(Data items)

* * * *

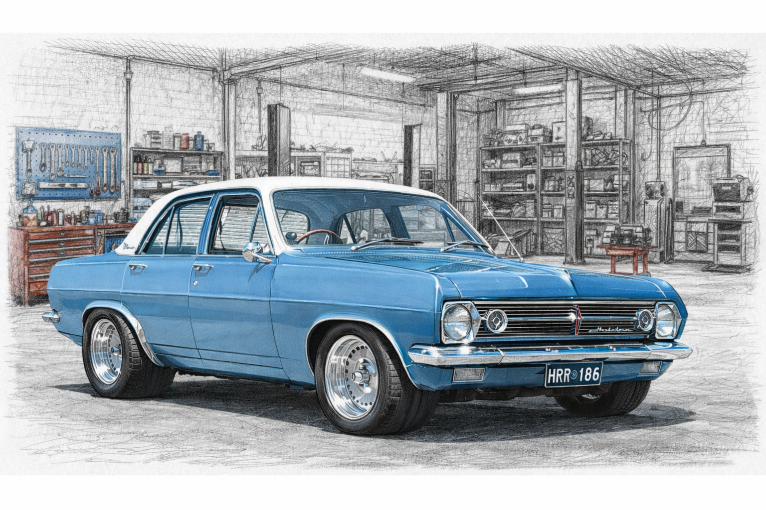 Holden HK ute 30x60cm panoramic canvas print
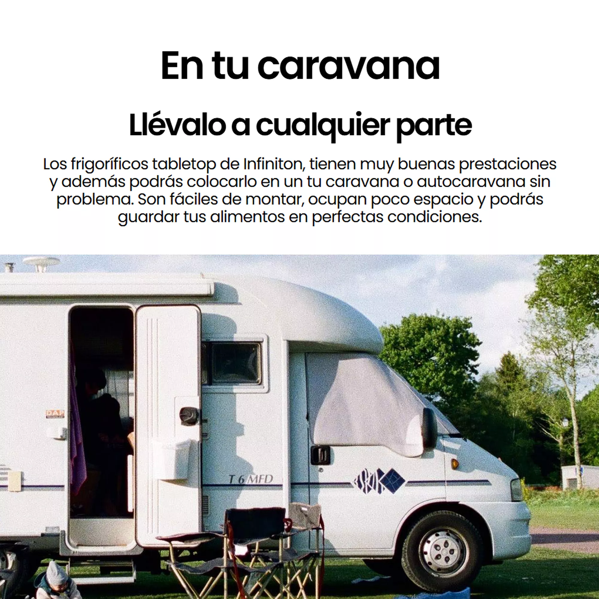 Los frigoríficos tabletop de Infiniton, tienen muy buenas prestaciones y además podrás colocarlo en un tu caravana o autocaravana sin problema. Son fáciles de montar, ocupan poco espacio y podrás guardar tus alimentos en perfectas condiciones.
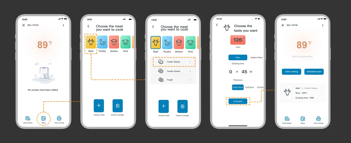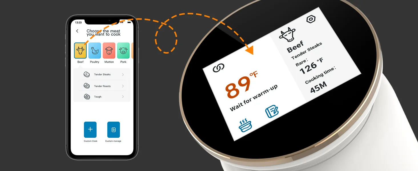 การปรุงอาหารเสร็จสิ้นและอีกมากมาย Pre-ปลุก:รองรับฟังก์ชันการเตือนการปรุงอาหารล่วงหน้าเพื่อให้คุณสามารถสามารถใช้เนื้อออกได้ทันเวลาเพื่อหลีกเลี่ยงการสุกเกินไปเนื่องจากความร้อนที่เหลืออยู่ในน้ำ สำหรับผลลัพธ์การปรุงอาหารที่สมบูรณ์แบบคุณยังสามารถตั้งค่าสัญญาณเตือนอุณหภูมิเป้าหมายนาฬิกาจับเวลาทำอาหารและสัญญาณเตือนการทำอาหารเสร็จสมบูรณ์เพื่อให้เครื่องส่งเสียงเตือนและแอพจะส่งการแจ้งเตือนไปเพื่อเตือนคุณเมื่ออาหารพร้อม
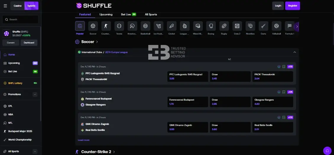 The live betting sessions at Shuffle were dynamic thanks to the multi-view streaming on some sports, real-time stats, and up-to-date odds that help in quick decision-making.
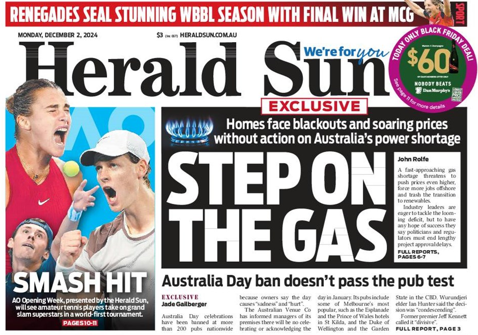 Yesterday, Rupert Murdoch’s Australian capital city mastheads splashed a story across the front page. The problem though, is that it was not news at all, but an advertorial for the gas industry dressed up as news.
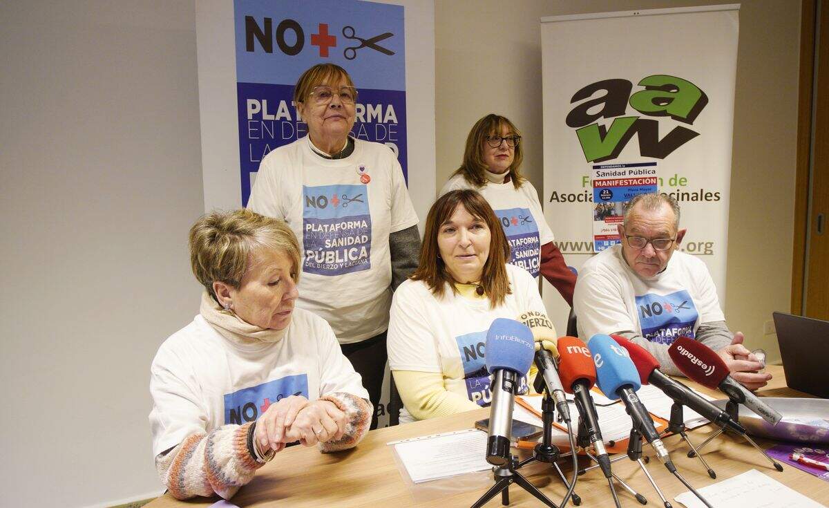 Los componentes de la Plataforma en defensa de la Sanidad Pública del Bierzo y Laciana, durante su comparecencia en rueda de prensa para hablar de la situación sanitaria en ambas comarcas. Foto: César Sánchez.
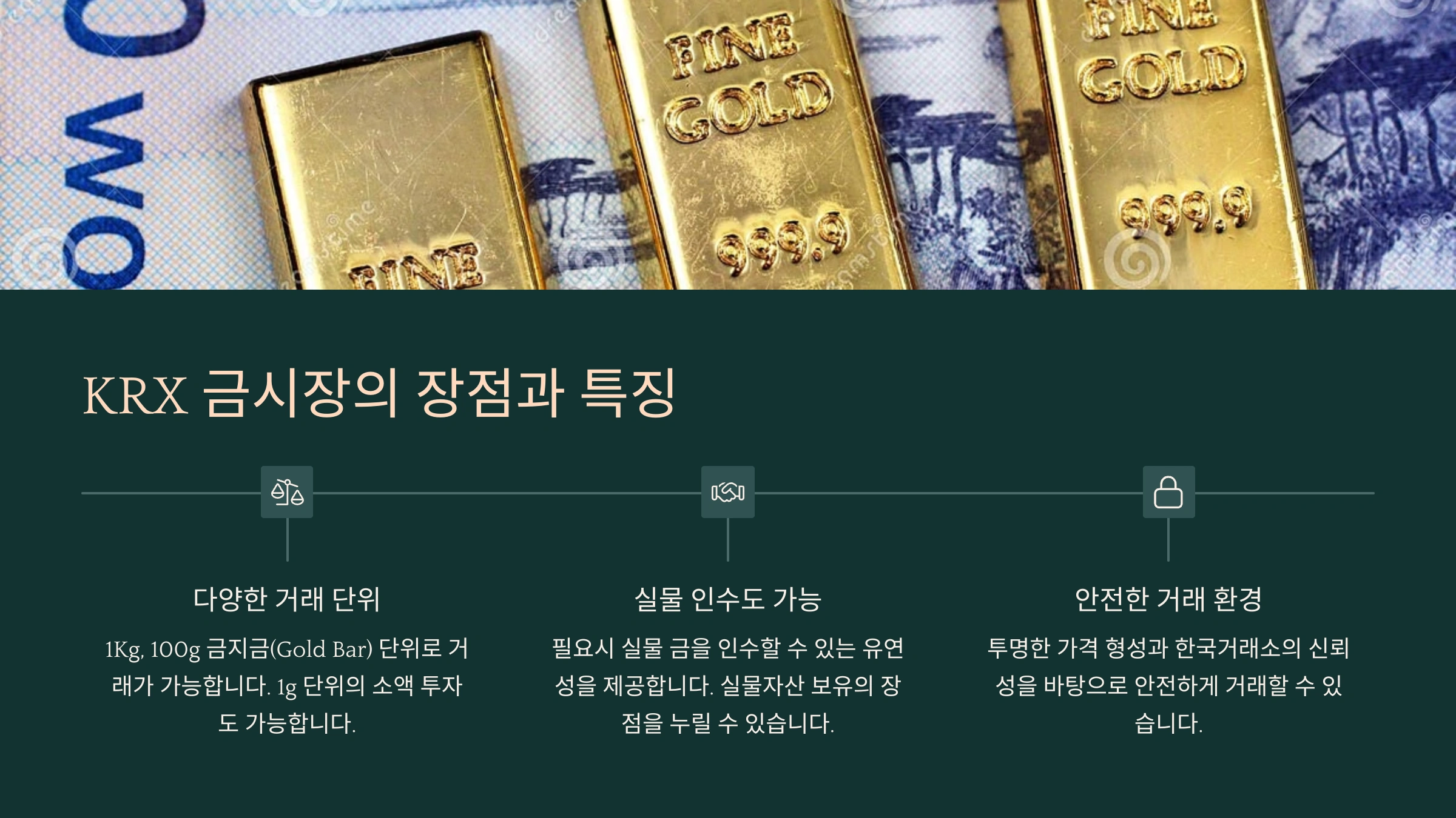 KRX 금투자방법은 소액 투자자들에게 특히 매력적입니다. 단 1g부터 거래가 가능하기 때문에 부담 없이 시작할 수 있습니다. 금 가격이 높아도 소액으로 투자할 수 있다는 점이 큰 장점입니다.
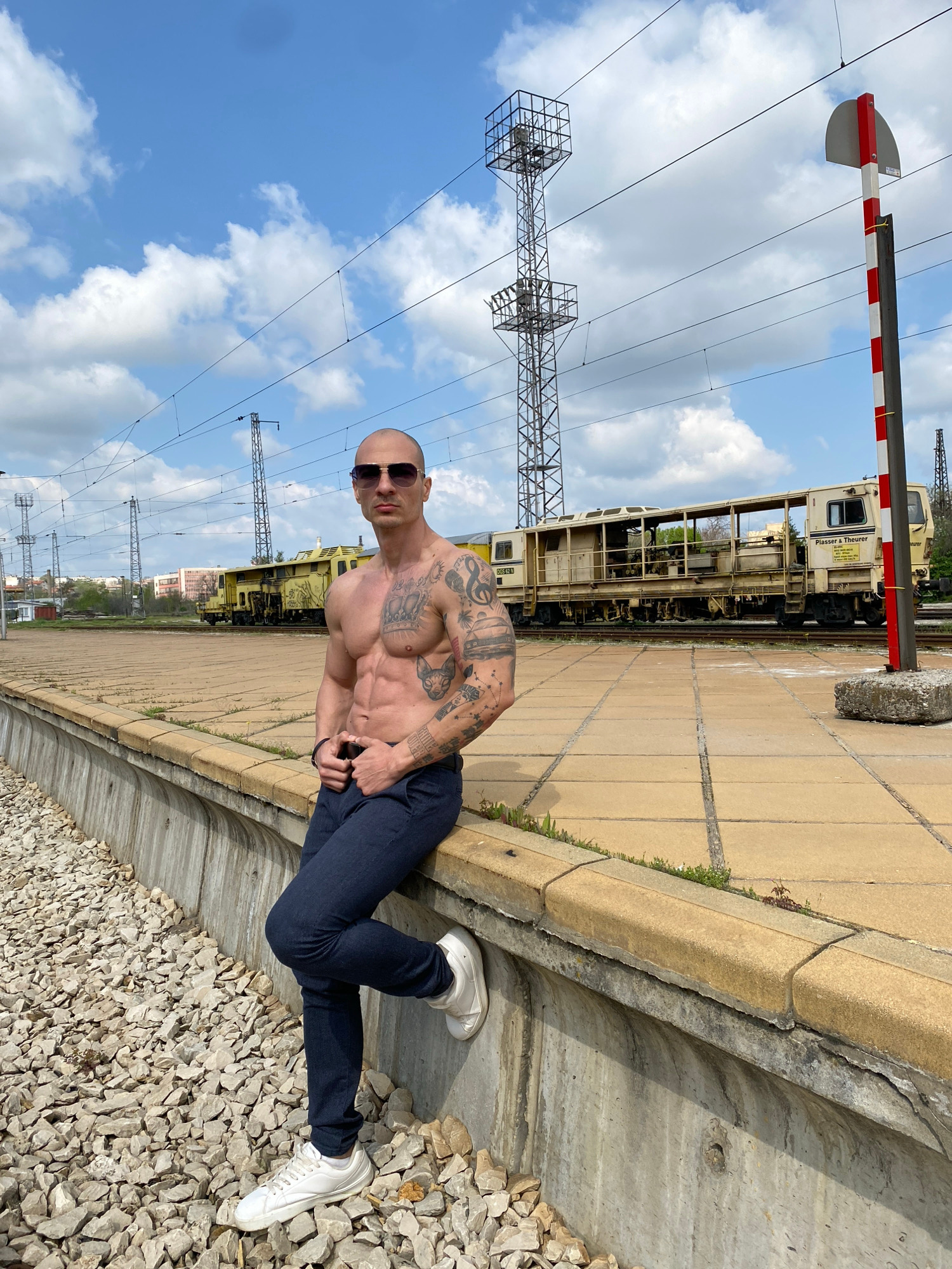 A muscular, tattooed man is seen reclining on a concrete surface next to a railway line in Pleven, Bulgaria, under a bright, partly cloudy sky. The man is shirtless, showcasing a well-defined physique…read more

* * * *

## About this exercise
Reproduce only the lines between the line with "Yesterday, Rupert Murdoch’s" and the final line of the records, both included, so that the copy matches them exactly and contains no pictures.

## Exercise solution
 Yesterday, Rupert Murdoch’s Australian capital city mastheads splashed a story across the front page. The problem though, is that it was not news at all, but an advertorial for the gas industry dressed up as news.
 Los componentes de la Plataforma en defensa de la Sanidad Pública del Bierzo y Laciana, durante su comparecencia en rueda de prensa para hablar de la situación sanitaria en ambas comarcas. Foto: César Sánchez.
 KRX 금투자방법은 소액 투자자들에게 특히 매력적입니다. 단 1g부터 거래가 가능하기 때문에 부담 없이 시작할 수 있습니다. 금 가격이 높아도 소액으로 투자할 수 있다는 점이 큰 장점입니다.
 A muscular, tattooed man is seen reclining on a concrete surface next to a railway line in Pleven, Bulgaria, under a bright, partly cloudy sky. The man is shirtless, showcasing a well-defined physique…read more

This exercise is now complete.